Which AI model is best for coding in 2026? We rank every major LLM by SWE-bench Verified, LiveCodeBench, and SWE-bench Pro scores — with pricing and use-case guidance.
GPT-5.3 Codex leads the 2026 coding leaderboard with a 90 SWE-bench Pro score — and at $2.50/$10 per million tokens, it's one of the few frontier coding models that doesn't require a flagship budget. GPT-5.4 Pro scores slightly better on SWE-bench Verified (86 vs 85) but costs 12x more. For most teams, GPT-5.3 Codex hits the best balance of capability and cost.
This ranking uses SWE-bench Pro, SWE-bench Verified, and LiveCodeBench as the primary signals. HumanEval is saturated — six models score 95% — and no longer differentiates between frontier coding models.
| Model | SWE-bench Pro | SWE-bench Verified | LiveCodeBench | HumanEval | Price (input/output) |
|---|---|---|---|---|---|
| GPT-5.3 Codex | 90 | 85 | 85 | 95 | $2.50/$10 |
| GPT-5.4 Pro | 89 | 86 | 86 | 95 | $30/$180 |
| GPT-5.2 Pro | 89 | 83 | 81 | 93 | $25/$150 |
| GPT-5.2-Codex | 86 | 76 | 66 | 95 | $2/$8 |
| GPT-5.4 | 85 | 84 | 84 | 95 | $2.50/$15 |
| GPT-5.2 | 85 | 80 | 79 | 91 | $2/$8 |
| GPT-5.3-Codex-Spark | 85 | 80 | 80 | 91 | $2/$8 |
| Claude Opus 4.6 | 74 | 80 | 75 | 91 | $15/$75 |
| Grok 4.1 | 73 | 77 | 73 | 91 | $3/$15 |
| Gemini 3.1 Pro | 72 | 75 | 71 | 91 | $1.25/$5 |
| Claude Sonnet 4.6 | 64 | 69 | 54 | 93 | $3/$15 |
| DeepSeek Coder 2.0 | 61 | 51 | 45 | 82 | $0.27/$1.10 |
Scores from BenchLM.ai leaderboard.

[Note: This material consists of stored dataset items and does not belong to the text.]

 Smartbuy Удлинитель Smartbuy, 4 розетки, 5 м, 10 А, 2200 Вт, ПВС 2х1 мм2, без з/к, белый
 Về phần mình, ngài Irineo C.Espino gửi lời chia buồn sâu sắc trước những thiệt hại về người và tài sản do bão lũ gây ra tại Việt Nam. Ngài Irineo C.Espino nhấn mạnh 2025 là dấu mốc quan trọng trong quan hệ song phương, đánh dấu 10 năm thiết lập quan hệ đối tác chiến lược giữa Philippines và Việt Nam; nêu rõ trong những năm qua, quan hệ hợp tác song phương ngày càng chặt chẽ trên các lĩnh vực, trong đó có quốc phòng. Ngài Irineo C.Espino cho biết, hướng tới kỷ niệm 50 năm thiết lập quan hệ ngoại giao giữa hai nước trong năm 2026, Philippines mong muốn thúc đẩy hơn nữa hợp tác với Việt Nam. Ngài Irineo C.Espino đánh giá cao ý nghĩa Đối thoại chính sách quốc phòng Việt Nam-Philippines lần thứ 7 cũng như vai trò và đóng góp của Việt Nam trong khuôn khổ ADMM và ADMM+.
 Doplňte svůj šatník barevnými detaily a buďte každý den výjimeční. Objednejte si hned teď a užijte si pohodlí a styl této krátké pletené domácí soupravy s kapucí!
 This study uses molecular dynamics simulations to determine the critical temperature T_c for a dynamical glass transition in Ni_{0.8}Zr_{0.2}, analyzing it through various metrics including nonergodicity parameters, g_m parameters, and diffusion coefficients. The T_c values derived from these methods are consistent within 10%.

Prices per million tokens.
GPT-5.3 Codex leads on SWE-bench Pro (90) and ties GPT-5.4 Pro on HumanEval (95). What makes this notable is the price: $2.50/$10 per million tokens, compared to $30/$180 for GPT-5.4 Pro.

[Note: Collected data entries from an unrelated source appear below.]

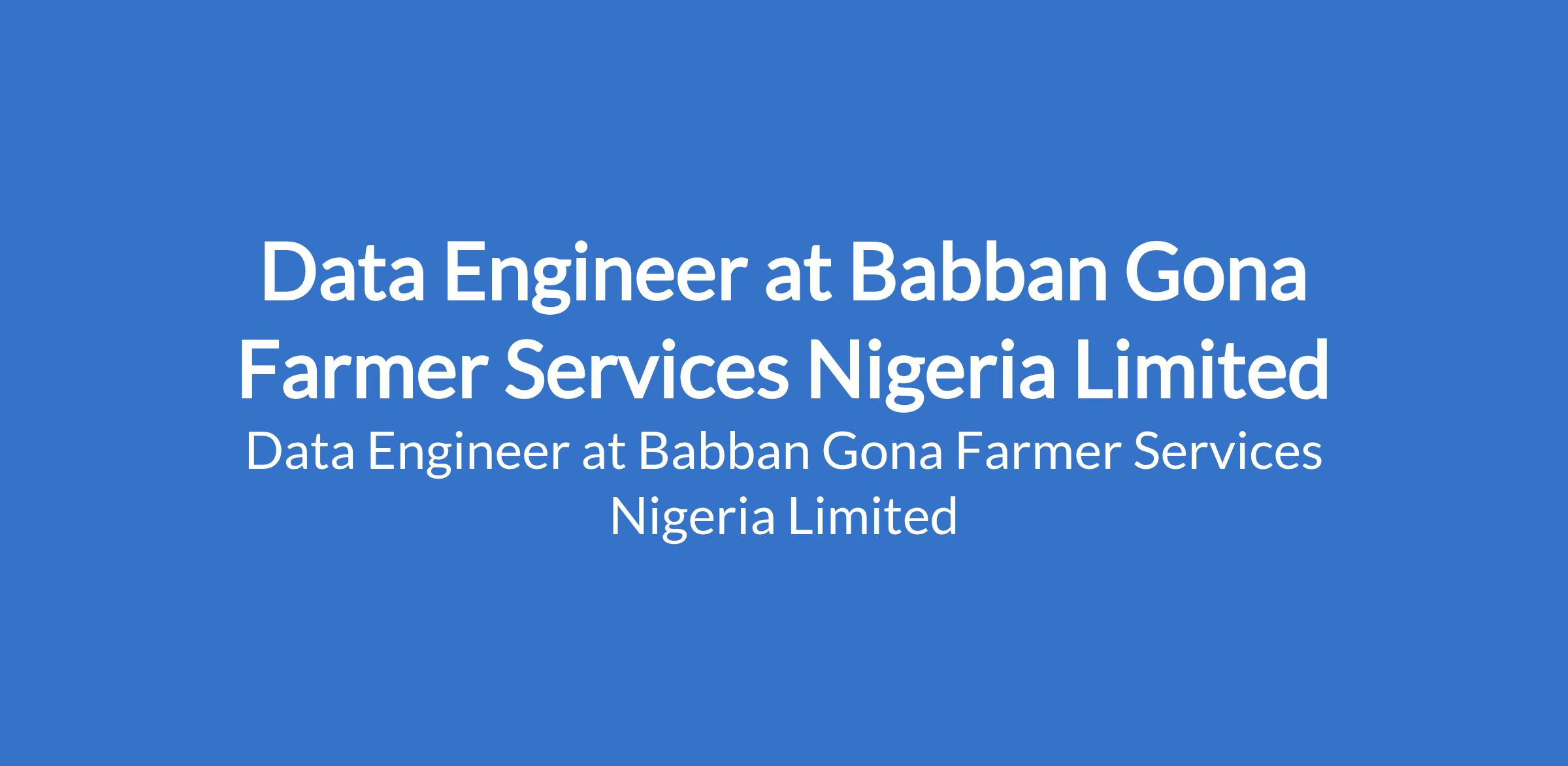 Babban Gona Farmer Services Nigeria Limited is recruiting to fill the position of: Data Engineer. The position is located in Lagos State. Interested candidates should possess relevant qualifications with 24 years of hands-on experience as a Data Engineer or in a similar data-focused role.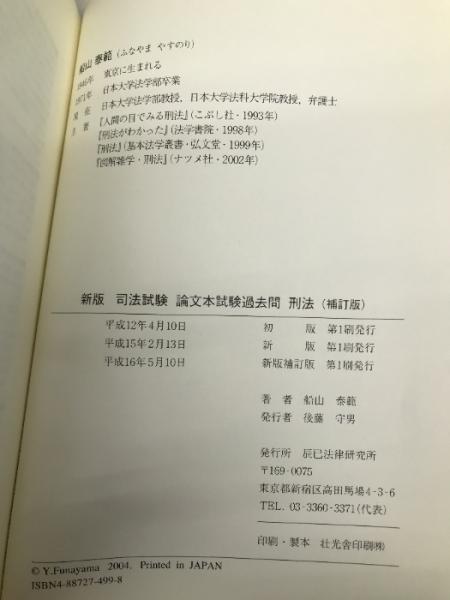 司法試験論文本試験過去問刑法 新版補訂版 辰已法律研究所 船山 泰範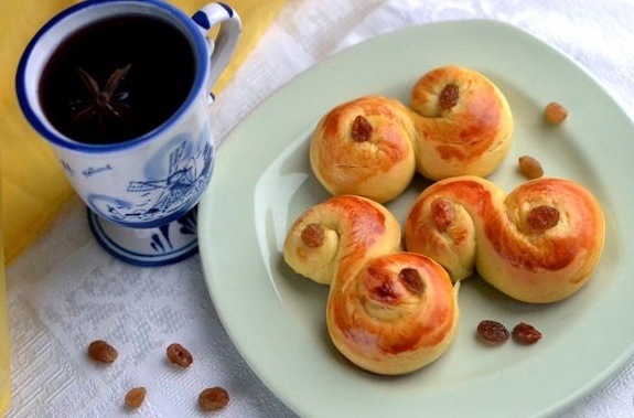 Нарезав тесто на 16 равных частей, каждую часть раскатываем в жгутик и сворачиваем в характерную «петлю». Далее булочки выкладываются на противень и оставляются на расстойку. Перед запеканием их смазывают яичным желтком с молоком и украшают изюмом. Пекутся луссекатт при температуре 180-200 градусов до золотистой корочки — всего 6-8 минут.

The gap between GPT-5.3 Codex and GPT-5.4 Pro on SWE-bench Verified is one point (85 vs 86). On LiveCodeBench it's also one point (85 vs 86). For nearly every practical coding task, the performance difference will be imperceptible. The cost difference is not.

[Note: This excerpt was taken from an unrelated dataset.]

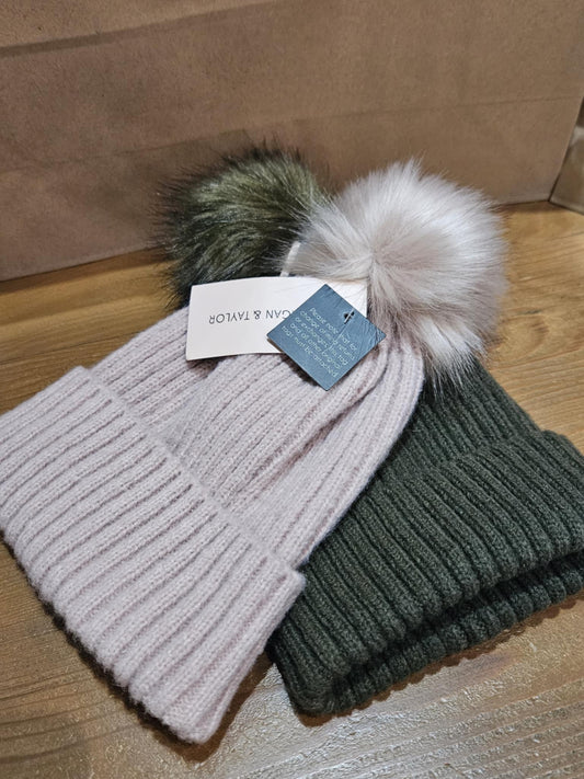 C.C Beanie - Waffle Knit Beanie with Faux Fur Pom
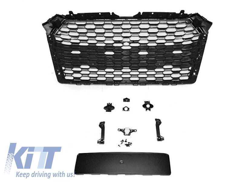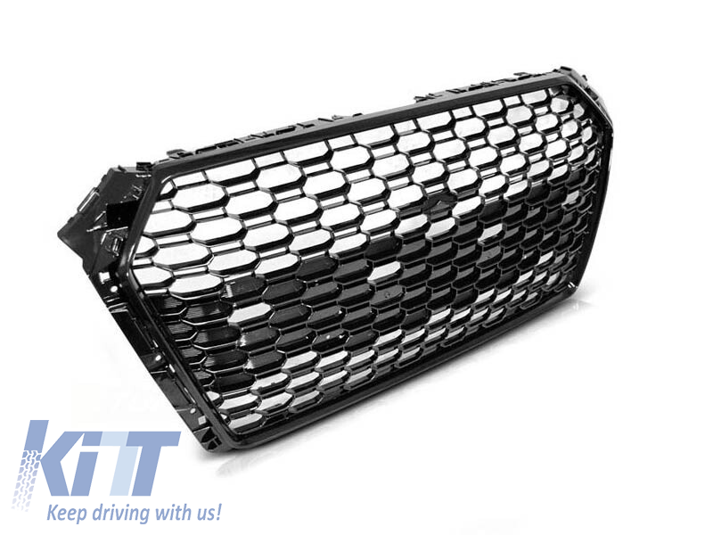 Grilă tip RS4 vopsită în negru, potrivită pentru Audi A4 B9 sedan, break 2015-2019 cu deschideri pentru senzori de parcare Performance AutoTuning

For an AI coding assistant generating 10M output tokens per month, GPT-5.3 Codex costs $100/month. GPT-5.4 Pro costs $1,800/month. That math drives model selection at any meaningful scale.
OpenAI's coding model lineup in 2026 is confusing. Here's how to read it:
"Codex" suffix = coding-specialized variant. Higher SWE-bench scores but may underperform general models on open-ended chat and reasoning.
"Spark" suffix = lighter, faster variant. GPT-5.3-Codex-Spark ($2/$8) scores 85 SWE-bench Pro vs GPT-5.3 Codex's 90, but costs 20% less on input and 20% less on output.
"Pro" suffix = highest-capability flagship. GPT-5.4 Pro and GPT-5.2 Pro lead on overall benchmarks but are priced for enterprise budgets.
The practical tiers for coding:
Short completions (under 50 tokens) don't require SWE-bench-level capability. The latency and cost profile matter more than marginal benchmark differences.
Best options: GPT-5.3-Codex-Spark ($2/$8) for quality completions, Gemini 3.1 Pro ($1.25/$5) for cost-sensitive high-volume use. Both score 91%+ on HumanEval.
This is exactly what SWE-bench measures. GPT-5.3 Codex (90) and GPT-5.4 (85) are the clear choices. Claude Opus 4.6 scores 74 on SWE-bench Pro — notable for being the best non-OpenAI option, but 16 points behind the leader.
Best option: GPT-5.3 Codex
Agentic coding burns tokens fast. Terminal-Bench 2.0 measures performance in terminal-based coding environments — OpenAI models score 90 across the board, Claude Opus 4.6 scores 80.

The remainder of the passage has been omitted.